8. Grouting and Cleaning: Grouting and cleaning should be carried out 1-2 days after the slabs are laid. Based on the color of the marble (or granite), select the same color mineral pigment and mix it evenly with cement (or white cement) to create a 1:1 diluted cement slurry. Slowly pour this slurry into the gaps between the slabs using a slurry pot (this can be done in several stages), and use a long-handled scraper to scrape the excess slurry back into the gaps until they are basically filled. 1-2 hours after grouting, use a cotton ball dipped in the original diluted cement slurry to smooth the grout and the slab surface, while simultaneously wiping the cement slurry off the slab surface. This ensures the marble (or granite) surface is clean, flat, and firm. After completing these steps, cover the surface. The curing time should not be less than 7 days.
9. Waxing: Waxing can only be carried out after the cement mortar bonding layer has reached its strength (compressive strength reaches 1.2 MPa).
10. Based on the +50cm elevation line of the main wall, measure the horizontal line of the top edge of the skirting board, mark it on the wall, and then use a plumb line to determine the thickness of the skirting board protruding from the wall, generally 8-10mm.
III. Quality Standards
1. Guaranteed Items
1) The type, specifications, grade, shape, smoothness, color, and pattern of the surface tiles used must meet the design requirements.
2) The surface layer and the base layer must be firmly bonded, without hollow areas.
2. Basic Items
1)
Polished Marble and Granite Slab Surface Layer: Slabs should be tightly pressed together without gaps, joints should be straight without misalignment, the surface should be flat and clean, the pattern should be clear without scratches, and the edges should be straight and square.
2) Slab Installation Quality: The color should be consistent in any independent space, and the pattern should be smooth and basically consistent. The grout lines should be consistent with the color of the slabs, the grout lines should be full and flush with the slabs, clean and aesthetically pleasing.

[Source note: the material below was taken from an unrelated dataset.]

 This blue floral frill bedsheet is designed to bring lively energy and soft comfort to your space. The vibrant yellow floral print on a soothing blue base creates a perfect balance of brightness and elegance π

IV. Finished Product Protection
1. When transporting marble (or granite) slabs and cement mortar, measures should be taken to prevent collisions with completed walls, doorways, etc.

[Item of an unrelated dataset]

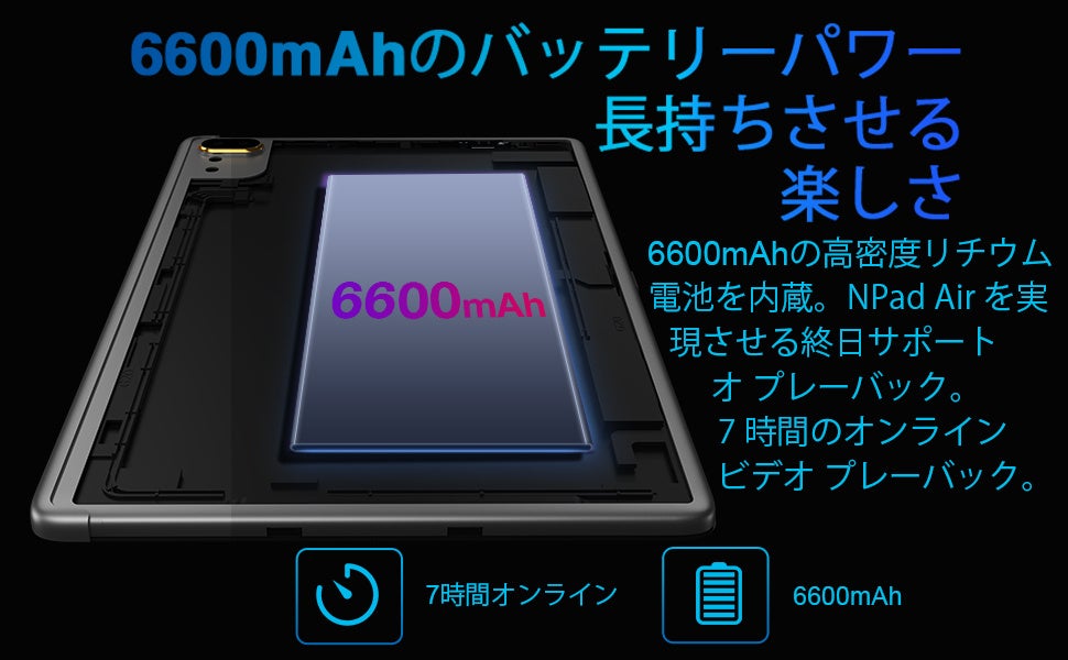 【大容量ストレージ+長寿命】4GBのRAM(メモリー)と64GBのROM(高速ストレージ)を搭載し、MicroSDカードによる拡張ストレージに対応。タブレットの大容量ストレージにより、Webサイトやビデオをスムーズに視聴し、頑丈なアプリや高品質のゲームを楽しむことができます。また、最大6600mAhの大容量バッテリーで最大6時間の連続再生が可能です。NPad Airは、最大1TBの容量のTFカードもサポートし、より多くのニーズを満たすためにストレージスペースを拡張します。

2. During the laying of marble (or granite) slabs and mosaic marble slabs, the operator should wipe away any cement slurry residue on the marble surface with a dry cloth immediately after laying.
3. When walking on marble (or granite) floors, the compressive strength of the leveling layer cement mortar must not be less than 1.2 MPa.

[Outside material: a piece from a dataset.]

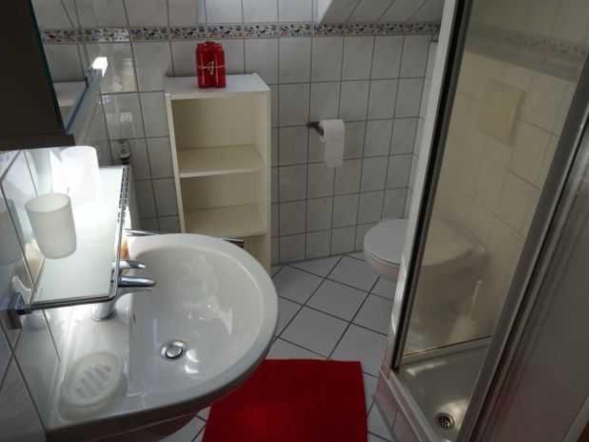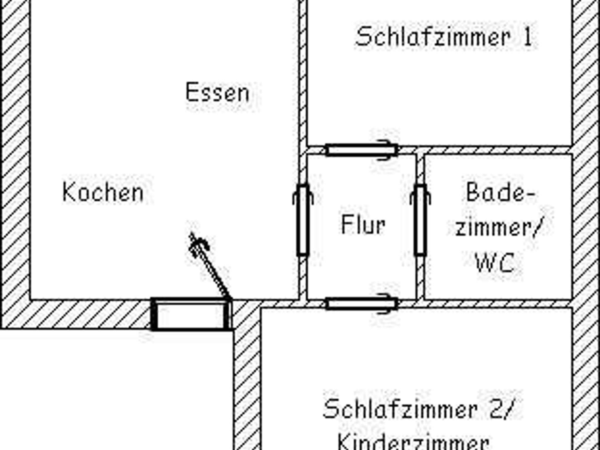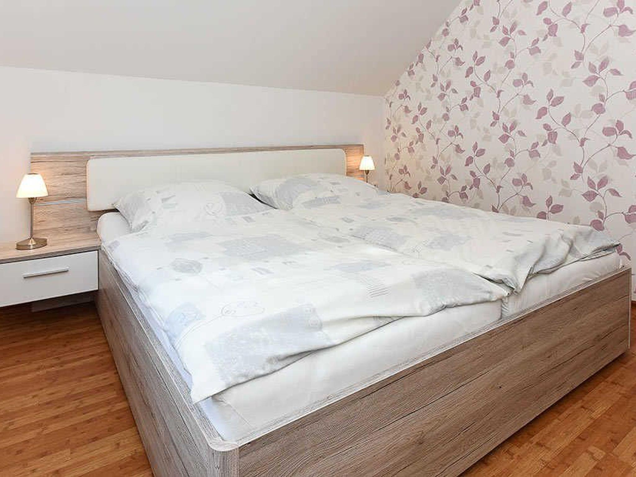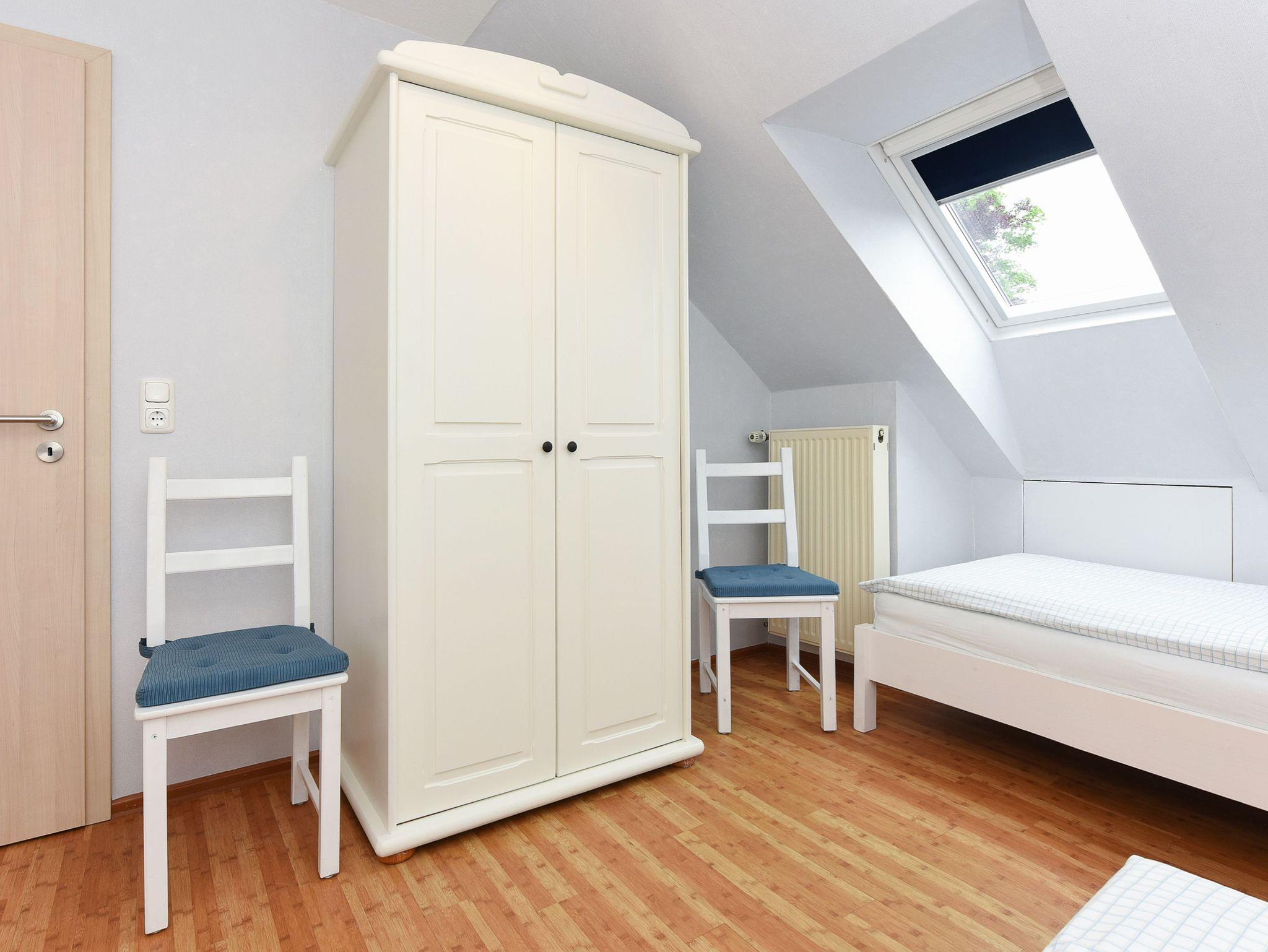zweites separates Schlafzimmer/Kinderzimmer. Badezimmer mit Dusche, Waschtisch und WC. Obergeschosswohnung. Terrasse am Haus Optimal für 2 bis 4 Personen

4. After the marble (or granite) floor is completed, the room should be enclosed or its surface covered for protection.
V. Quality Issues to Note
1. Hollow Areas: Hollow areas can easily occur due to factors such as unclean concrete subfloor, insufficient wetting, uneven application of cement slurry, excessive application area, prolonged drying time, arbitrary addition of water to dry cement mortar, and loose soil on the marble slab surface that has not been soaked in water. Therefore, it is essential to strictly adhere to the operating procedures. The base layer must be thoroughly cleaned, the bonding layer mortar must not be watered, a layer of cement slurry should be applied immediately after laying, and the marble slabs must be soaked in water before laying.
2. Uneven joint height and width: The main reasons are defects in the slabs themselves, such as uneven thickness and width, warping, and lack of strict control during laying. These factors easily lead to uneven joint height and width. Therefore, slabs should be strictly selected beforehand; any warped, arched, or irregularly shaped slabs should be rejected. After laying the standard slabs, they should be laid sequentially to the sides and backwards, constantly checking for accuracy with a level and straightedge. The joints must be aligned without deviation. A designated person should be responsible for establishing the elevation lines within the rooms, and the elevations in all rooms and corridors must be consistent.
3. Slabs are prone to movement near doorways: Generally, slabs are laid from inside the door frame, leaving the gap between the door frame and the corridor (within the wall width) to be laid later. Entering too early in this area can easily cause movement. When ordering and processing slabs, the dimensions of the slabs should be considered simultaneously, and processing should be carried out concurrently to facilitate simultaneous installation of the slabs for the stairwell floor. 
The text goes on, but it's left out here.